When Nodes Die: Ray's Fault Tolerance

I watched the dashboard. Node 5 turned red. I expected our training pipeline to crash.

It didn't.

Tasks that had been running on that node just... reappeared on other nodes. The pipeline continued like nothing happened. No error messages, no manual intervention, no frantic Slack messages to the team. One node went down, and the system absorbed the failure.

That moment changed how I think about distributed systems. Not because it was dramatic—because it was boring. A node died, and nobody needed to care.

But I needed to understand why nobody needed to care. What actually happened between "node goes red" and "tasks reappear elsewhere"? How did Ray know what was lost? How did it decide where to reschedule? This isn't magic—it's the coordination layer from Part 6 enabling recovery.

At Mechademy, running on AWS with autoscaling workers means nodes come and go constantly. Spot instances get reclaimed by AWS with two minutes of warning. Workers scale down when load drops. Kubernetes pods get evicted during node maintenance. In this world, fault tolerance isn't a nice-to-have feature you enable for safety. It's how the system operates normally.
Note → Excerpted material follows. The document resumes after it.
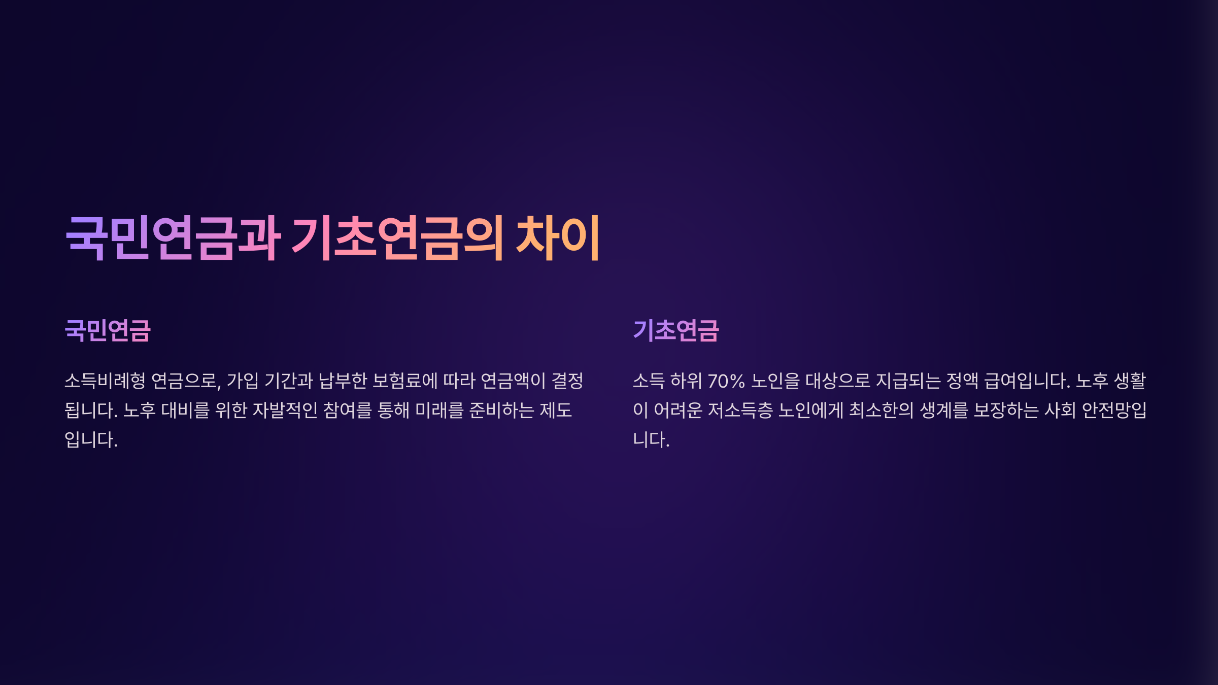 - 기초연금: 정부가 지급, 소득 하위 70% 대상

Our training pipelines run XGBoost on 50GB datasets across dozens of worker nodes. A single pipeline might take hours. If every spot instance reclamation required a full restart, we'd never finish a training run. The economics of cloud ML depend on cheap, unreliable compute—and that only works if your runtime can handle the unreliability.
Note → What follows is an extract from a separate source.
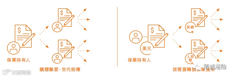 2、开枝散叶选项:可不断分拆保单。第5个保单周年日起,每年可行使1次。配合更换保单持有人和受保人,保单可分配给多位挚爱;配合货币转换选项,财富可以分配至多种货币;

So I dug into Ray's fault tolerance mechanisms. What I found was a layered system: heartbeat-based failure detection, automatic task retries, actor resurrection, and object reconstruction. Each layer builds on the components we've covered in earlier parts—the GCS tracking state, Raylets managing local resources, the object store holding intermediate results.

Here's the thing most documentation glosses over: fault tolerance isn't one feature. It's four different recovery strategies, each designed for a different type of loss. Losing a task mid-execution is fundamentally different from losing an actor with accumulated state, which is different from losing an object that downstream tasks depend on. Ray handles each differently.

TL;DR: Ray detects node failures through GCS heartbeats and recovers automatically. Stateless tasks retry with zero user effort. Stateful actors need checkpointing to survive restarts. Lost objects get reconstructed via lineage tracking. Design your pipelines for idempotency—it's the foundation everything else depends on.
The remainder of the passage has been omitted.